__About this exercise__
Output the exact lines that start at the one containing "Un papel pintado" and continue to the last line of the entries below; do not output pictures.

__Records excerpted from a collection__
-------
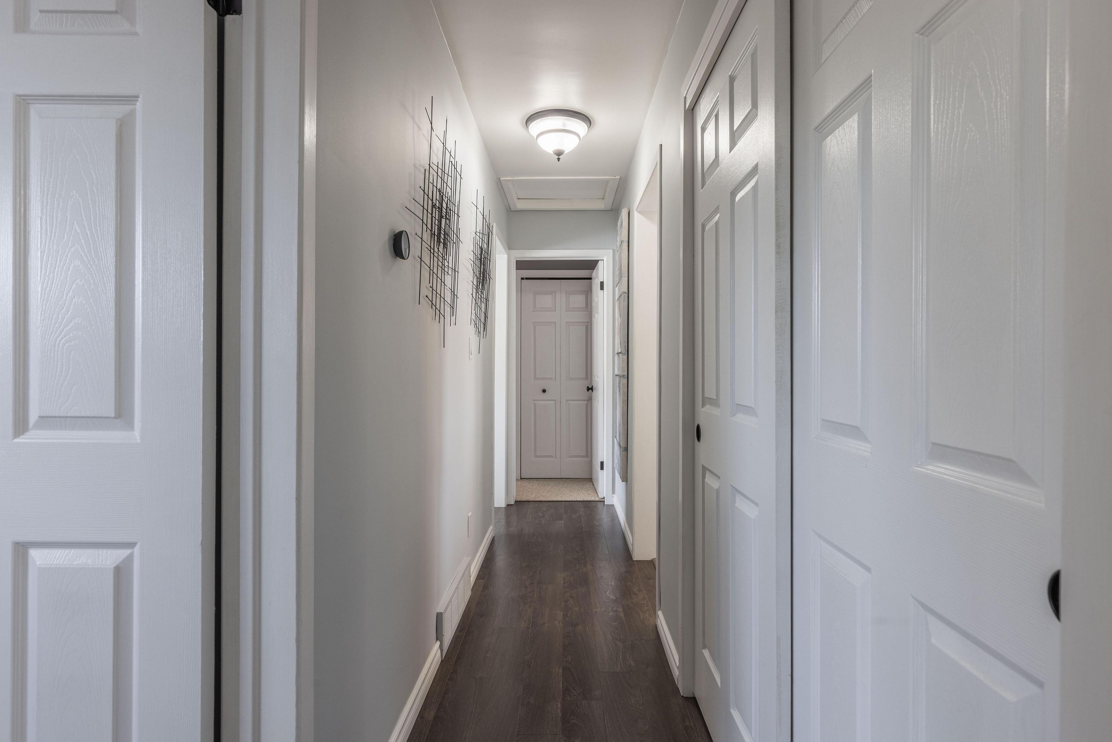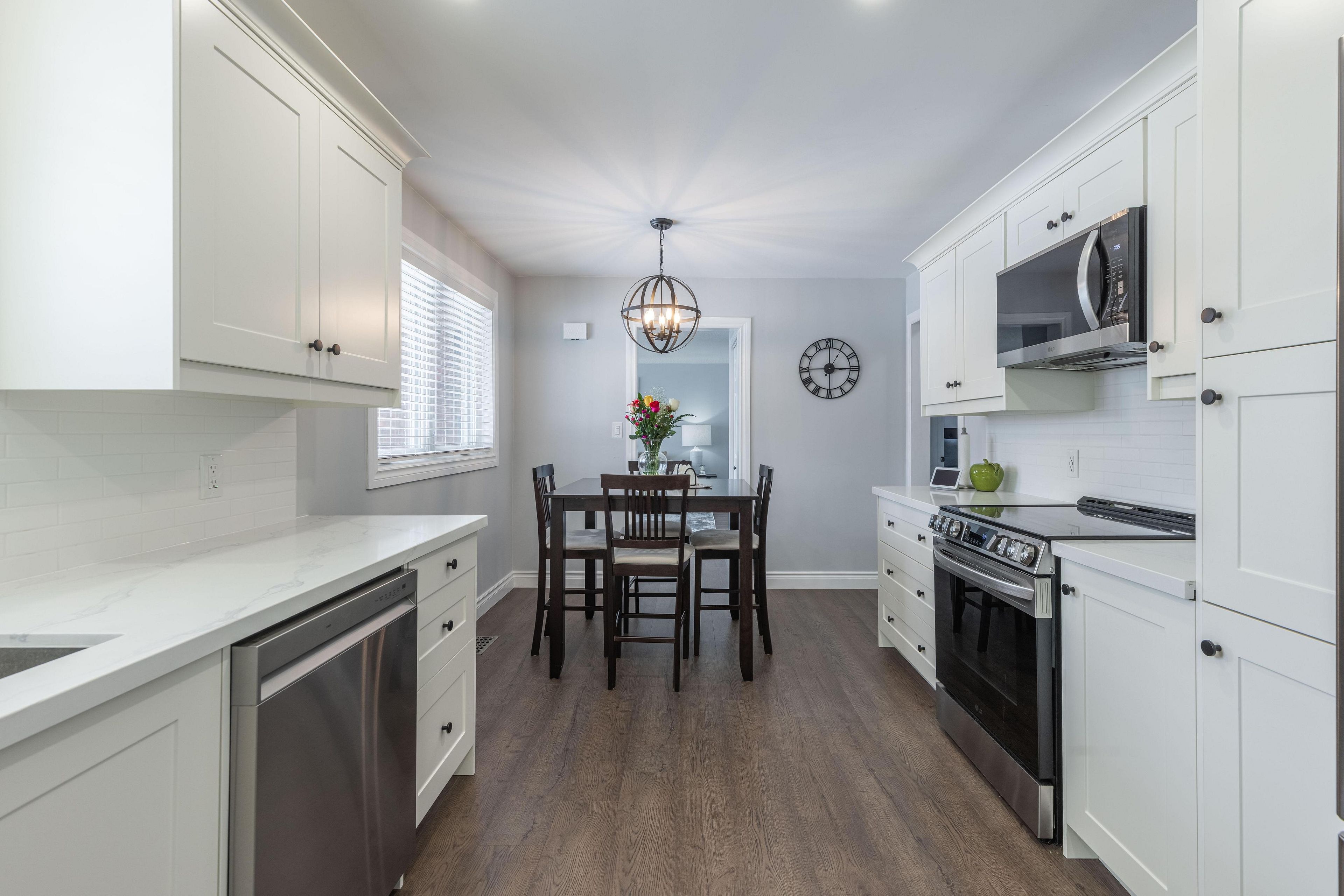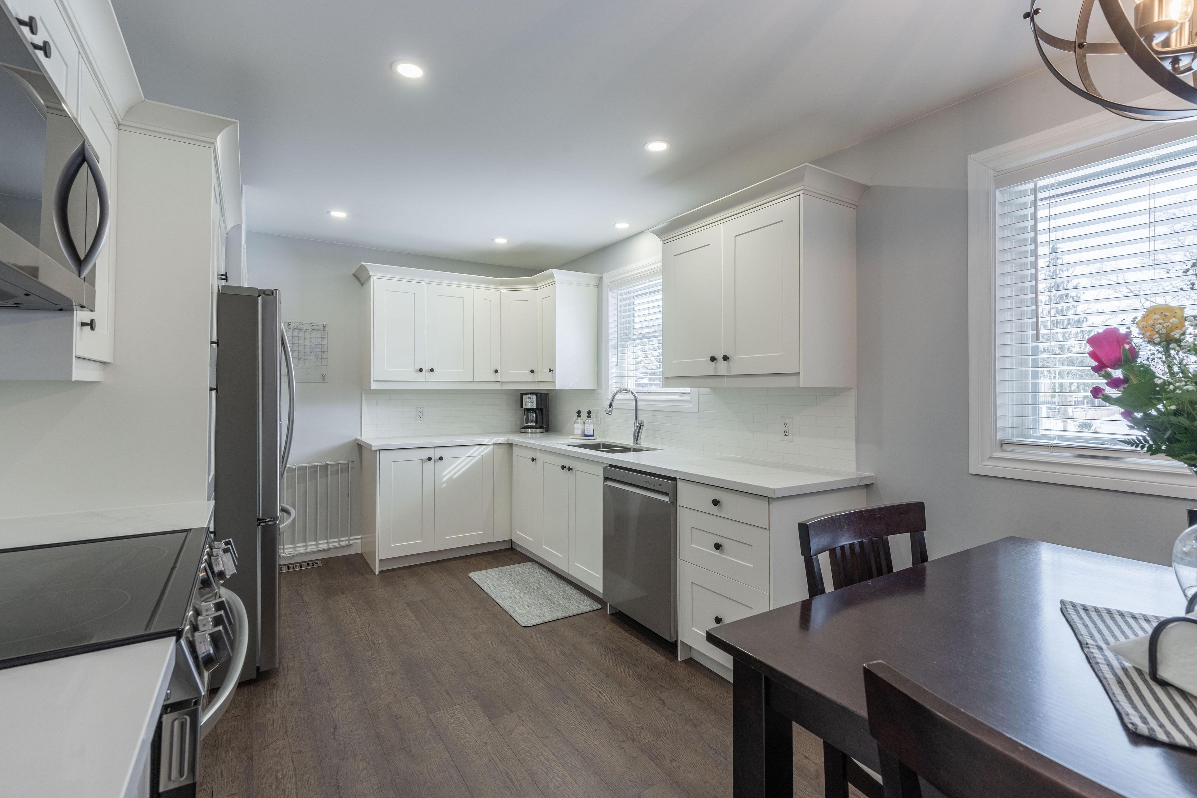 Gorgeous brick bungalow in highly sought after neighbourhood! This fully renovated home offers 3 bedrooms, 2 full bathrooms, detached garage and 2 separate entrances with in-law potential. Main floor has been renovated throughout with gorgeous, professionally installed white kitchen with quartz countertops and stainless steel appliances included. Main floor features an oversized living room with california shutters, 3 bedrooms plus updated 4-piece bath with tub & shower. Lower level offers separate side driveway entrance with beautiful open space with spacious rec room, games/pool table area plus separate office space (previously 4th bedroom), laundry room, workshop room, cold cellar and updated 3-piece bath with shower. Rear yard is fully fenced with detached garage & shed both with hydro, 12' x 26' rear deck with side and rear deck steps. All kitchen appliances plus washer & dryer included. Wonderful family-friendly neighbourhood with parks, great school district, easy access to public transportation, groceries, shopping, restaurants and qew highway access.
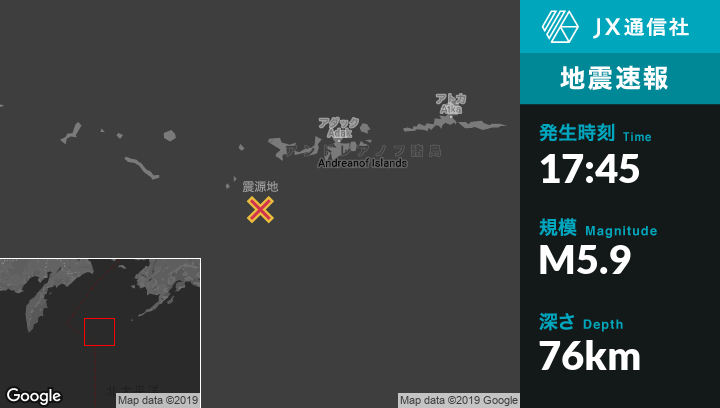 | 震源地 | アラスカのAmatignak Islandから東南東56kmの地点 |
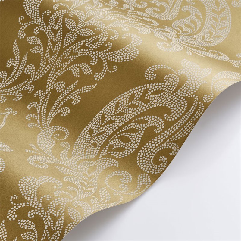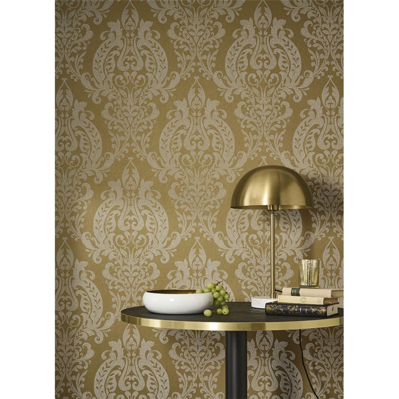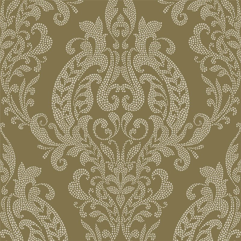 Un papel pintado damasco marrón de estilo clásico, perfecto para salón.
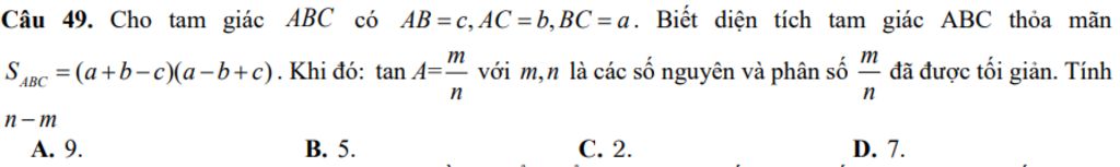 Câu 49. Cho tam giác ABC có AB=c, AC = b,BC=a. Biết diện tích tam giác ABC thỏa mãn
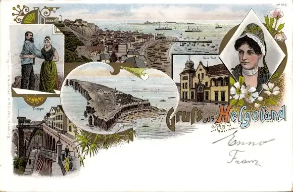 Litho Helgoland, Treppe, Post, Trachten, Tanz
-------
__Task output__
 Un papel pintado damasco marrón de estilo clásico, perfecto para salón.
 Câu 49. Cho tam giác ABC có AB=c, AC = b,BC=a. Biết diện tích tam giác ABC thỏa mãn
 Litho Helgoland, Treppe, Post, Trachten, Tanz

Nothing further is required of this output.